The tubes were illuminated at a photon flux density of approximately 500 μE m−2 s−1. H14CO3− of known specific activity was added so that the final concentration was between 20 and 2,000 μm. Cells were incubated at each Ci concentration for 15 to 20 s, after which the tubes were centrifuged at 15,000g for 15 s to pellet the zooxanthellae. The tubes were snap-frozen and the bottom layer containing the zooxanthellae and the killing solution cut from the tube and resuspended in 500 μL of 0.1 n NaOH. The resuspended solution (200 μL) was added to 200 μL of 0.1 n NaOH or 200 μL of 0.2 n HCl. The acidic sample was placed in a fume hood and heated to 60°C for 1 h so that any unfixed 14C was evolved. BSC scintillation fluid (4 mL, Amersham-Pharmacia Biotech, Uppsala) was added to both the acid and basic samples and the 14C counted in a liquid scintillation counter (Wallac 1410, EG&G Wallac, Turku, Finland). The basic samples were assumed to contain both the fixed and unfixed 14C in the cell, while the acidic sample contained only the fixed Ci. Corrections were made for any extracellular 14C.
Calculation of Intracellular Volume and pH
Total extracellular and intracellular volumes were calculated using 3H2O and either [14C]mannitol or [14C]dextran (ICN, Costa Mesa, CA). Intracellular pH was measured using 5,5-dimethyl-[2-14C]oxazolidine 2,4-dione (Badger et al., 1980).
RESULTS
Measurement of Steady-State Photosynthesis and Ci Fluxes before and after Isolation
An initial characterization of Ci uptake processes in the zooxanthellae can be approached by deriving estimates for the ability of the cells to utilize both CO2 and HCO3− as carbon sources for photosynthesis.

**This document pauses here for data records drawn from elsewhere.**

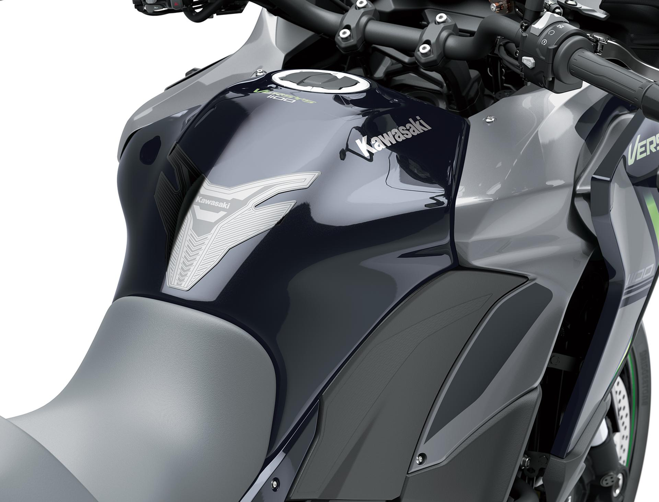 Protection de reservoir noire avec logo Kawasaki, protège la peinture des rayures.
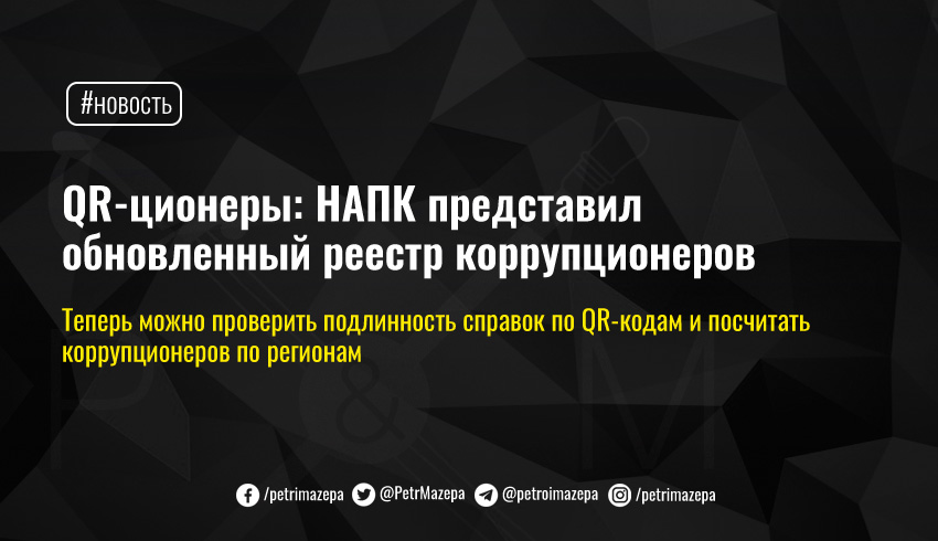 QR-ционеры: НАПК представил обновленный реестр коррупционеров
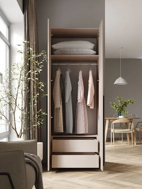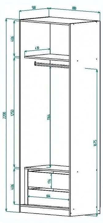 1 штанга для вешалок, 2 дверцы, 2 полки, 2 ящика

Mass spectrometry techniques (Badger et al., 1994) enable measurements of the net fluxes of CO2, HCO3−, and O2 into and out of the cell under steady-state photosynthesis conditions. This approach shows that freshly isolated zooxanthellae assayed at pH 8.0 predominantly take up CO2 from the external media but are also capable of some HCO3− uptake (Fig. 1). Net CO2 uptake is able to support between 45% and 80% of net photosynthesis, with the contribution increasing at higher levels of Ci. Conversely, the contribution of net HCO3− uptake declines from 55% to 20% over this same range.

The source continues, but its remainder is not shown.